Unless I misunderstood (likely, I'm not smart), you still need to calculate the closeness field for a given protein. And that will be 1000s of points each calculated separately. Only once you have that do you give it to ML to find the thermodynamicly favourable value.
Folding@home is working on a different problem. Folding@home finds the path a protein takes to arrive at its final structure, not just the final structure. One of the main goals is to understand protein misfolding or where on the path things go astray to result in disease.
After all these years, we are still at it. New methods are regularly evaluated and the simulation software is being refined all the time.
Yes, I was wondering about this too. It's been going on for a very long time – I remember it was shipped with the PS3, I used to leave mine running sometimes to contribute to the effort.
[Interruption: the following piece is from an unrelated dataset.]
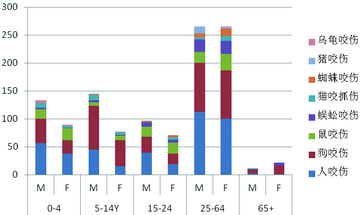 除鼠咬伤组外均男性居多,咬伤总数男女比例1.24:1。原因可能与男性易冒险,喜爱逗玩动物有关。人咬伤患者男性也居多,回顾分析施暴者女性居多,常为男患用手指骂泄愤时被女性施暴者咬伤所致。而鼠咬伤多发生于睡眠中,男女暴露应无差别,但本研究中女性患者居多(男女比例0.81:1),可能与女性爱吃零食,手指及口唇颜面部残留食物残渣吸引老鼠觅食所致。且女性颜面及手部皮肤薄,受伤较男性相对较重,故伤后就医者较男性居多是另一原因。各年龄段均有发病,发病最小为4个月,最大为103岁。各年龄段咬伤意外伤害分布中虽25~64岁成年组最常见,但0~4岁组人群中狗咬伤(15.56%)、人咬伤(21.96%)、鼠咬伤(27.33%)构成比皆不低,值得卫生防疫部门及临床医生对婴幼儿咬伤伤害的关注,改善婴幼儿居住卫生条件,同时加强对婴幼儿监护者的安全宣教。

In fact, the distance constraints to 3D structure part is in fact very old - I was calculating structures from experimentally determined distances 30 years ago. You need a surprisingly low number of fairly weak ( these atoms are between 3 and 5 Angstroms ) distances to determine a 3D structure if you have a decent number of long range ones.
What they have done is execute better.
However the problem they are working on
sequence -> structure
though it's been a long term 'holy grail', practically it's not that useful!
The models typically aren't quite good enough, it's not predicting interactions, and experimental methods to determine structures have also moved on in leaps and bounds.
As the article briefly mentions what you really want to do is go the other way.
Designed novel structure -> protein sequence to make it.
One way to do that if you have a function going the other way ( like alphafold ( let's ignore limitations for now - ie does a knowledge based approach work well for completely novel folds ? ) ), is some sort of heuristic search - however the search space is huge and a step size of hours isn't going to cut it.